Marge Simpson is fuming. Not only is she forced to clean up after Bart, listen to Lisa’s incessant saxophone playing and sleep next to Homer, but she didn’t even get a vote in the ASUU primary elections.
Homer received two votes for president of the Associated Students of the University of Utah, Lisa and Maggie both got one. Bart, who has obviously decreased in popularity, only received a vote for ASUU General Assembly.
Ah, the write-ins.
There is nothing like taking a gander at the primary results for all of the weird, quirky and down right creepy votes casted by the weird, quirky and down right creepy students of the student body of this grand university.
Besides from the Simpson clan, many celebrities received votes for president. These include: Cartman, the Fresh Prince of Bel Air, George Bush, Greg Ostertag (with Hot Rod Hundley as his vice president), Joe Camel, Jon Bon Jovi, Lyle Lovett, Mickey Mouse, Ozzy Osbourne, Ralph Nader, Richie Sambora and Spike Lee. Notice that I listed these in alphabetical order starting with the first letter. I would hate to give the illusion that I value one presidential candidate over another.
Who am I kidding? Of course, I am biased.
While I understand a vote for Ozzy Osbourne, I respect a vote for Crazy Cocaine Junkie 4 and Fangy McHairgrease five times more, or how about the venerable Jem Truly Outrageous or Marijuana Man. These candidates have much to offer and are far more creative than a simple vote for George Bush, hell, the man holds one presidency he doesn’t need another.
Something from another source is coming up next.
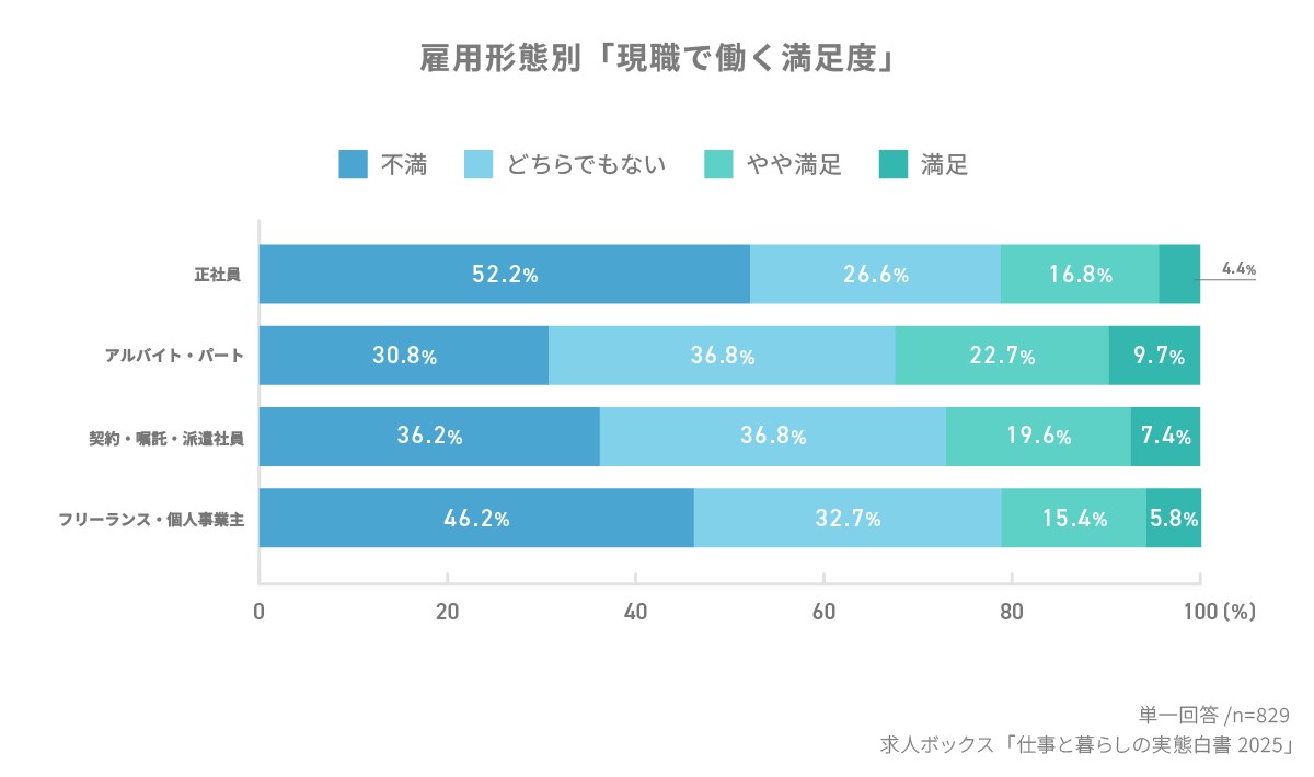 雇用形態別に見ると、 正社員は「不満」が52.2% と半数を占め、「満足層」(21.2%)を大きく上回った。
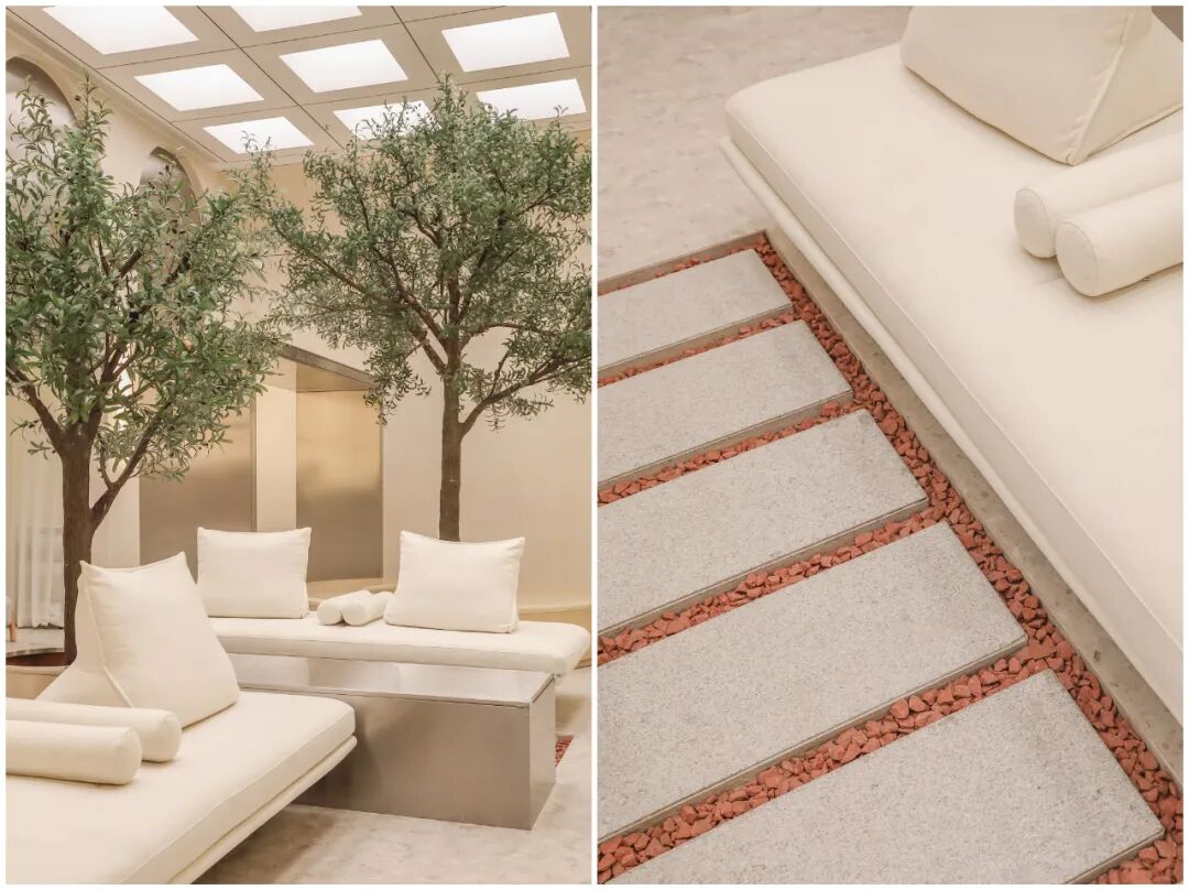 ▷ 美容服务区是围绕中心庭院设立的内部区域,分为悬空冥想室、中心庭院、饮品区、美甲区、美容区。

What is truly disappointing is the lack of creativity in some of the colleges. The Graduate School of Architecture produced a vote for Anwar Sadat for Senate, but no great write-in for Assembly. The School of Business came up with no write-ins for Senate, the school’s only saving grace was Assembly votes for Al Gore, Democracy Rules, Jalen Rose, Montgomery C. Burns, More voices are better than one, Running Utes, What does all this mean, Where is the Third Party, Your Mom, Dr. Dre and Snoop Dogg. What type of election would we be running if Snoop didn’t get at least one vote?
Other classic write-ins from the Senate and Assembly races include: Al Roker, Big Bird, Jon Stamos, Vladimir Lenin, apathy, David Duchovny, John Doe, Mr. T, my little sister, The Rock, Bud Light, Steve Gutenberg and Scott’s Butt.
Scott must be proud.
The long list of humorous write-ins show how seriously many students take this ASUU election. And in all actuality, why should they take it seriously? The candidates have tried to draw distinctions among each other. But the distinctions are so thin they are almost invisible. ASUU will undergo no sweeping change if Impact beats Elevation or Elevation beats Impact, so why not have fun with a vote?
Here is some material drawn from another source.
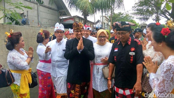 Anies dipersilakan memberikan sambutan oleh pihak panitia Melasti di Pura Segara, Cilincing, Jakarta Utara, Minggu (11/3/2018) sekitar pukul 16.20 WIB. Anies mengenakan beskap hitam dan udeng.
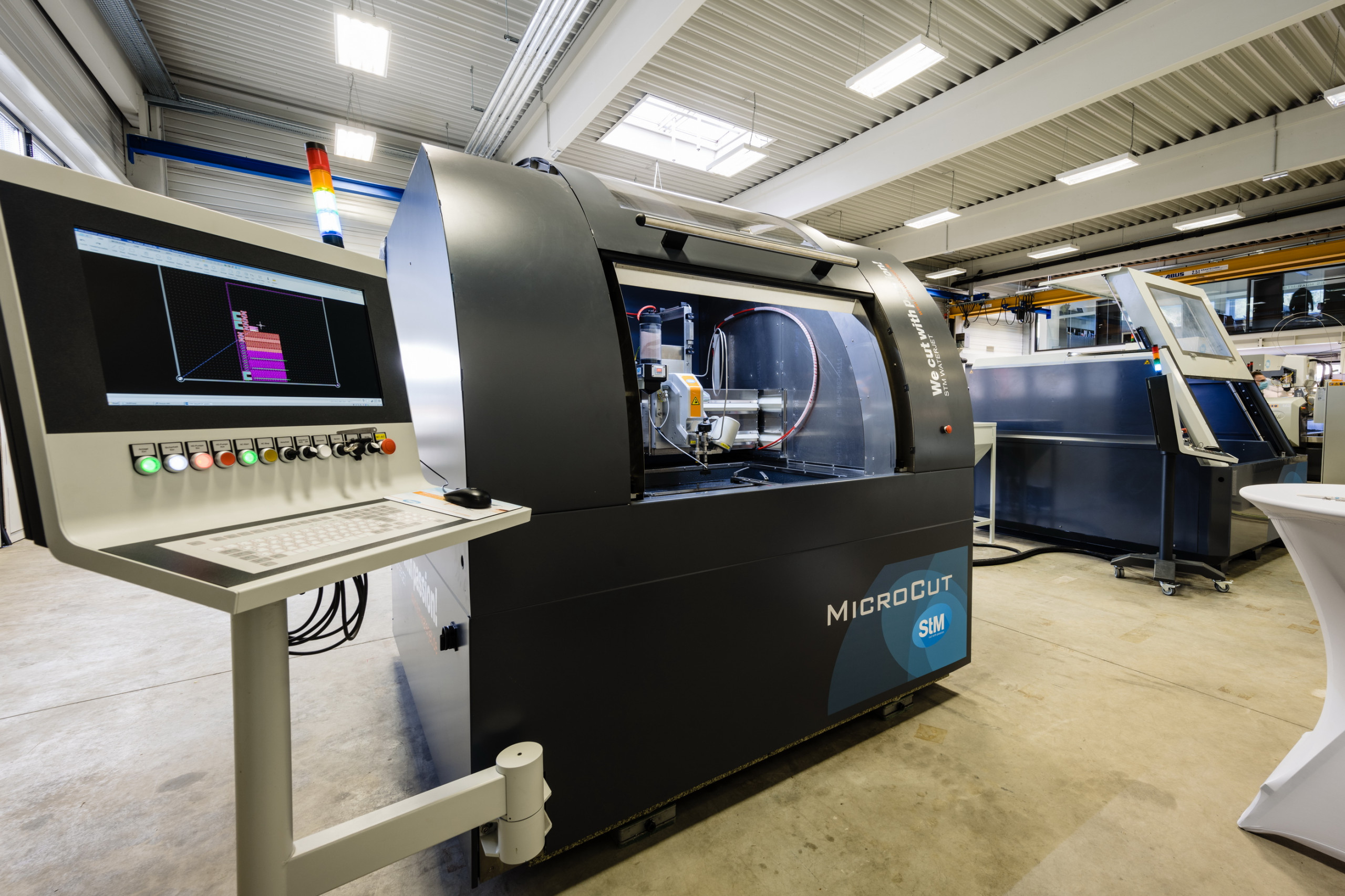 The closed design with motorised safety door ensures maximum safety with minimum operating noise. An efficiently controlled abrasive supply is integrated into the MicroCut, as is a high-precision clamping frame and the highly dynamic CNC. StM also offers all complete packages with an economical high-pressure pump.

All candidates vow to be fiscally responsible with student fees, to help rid campus of its decades-long commuter status and work on the parking problem. Good for them, but neither party has come up with any issue that sets them apart. And when that happens a vote for our friend Fangy McHairgrease or ASUU sucks sounds pretty good.
Today is the last day of the ASUU final election voting and The Daily Utah Chronicle promises to print a list of the most humorous write-in votes in the days to come, so sharpen that wit and log on to www.asuu.utah.edu.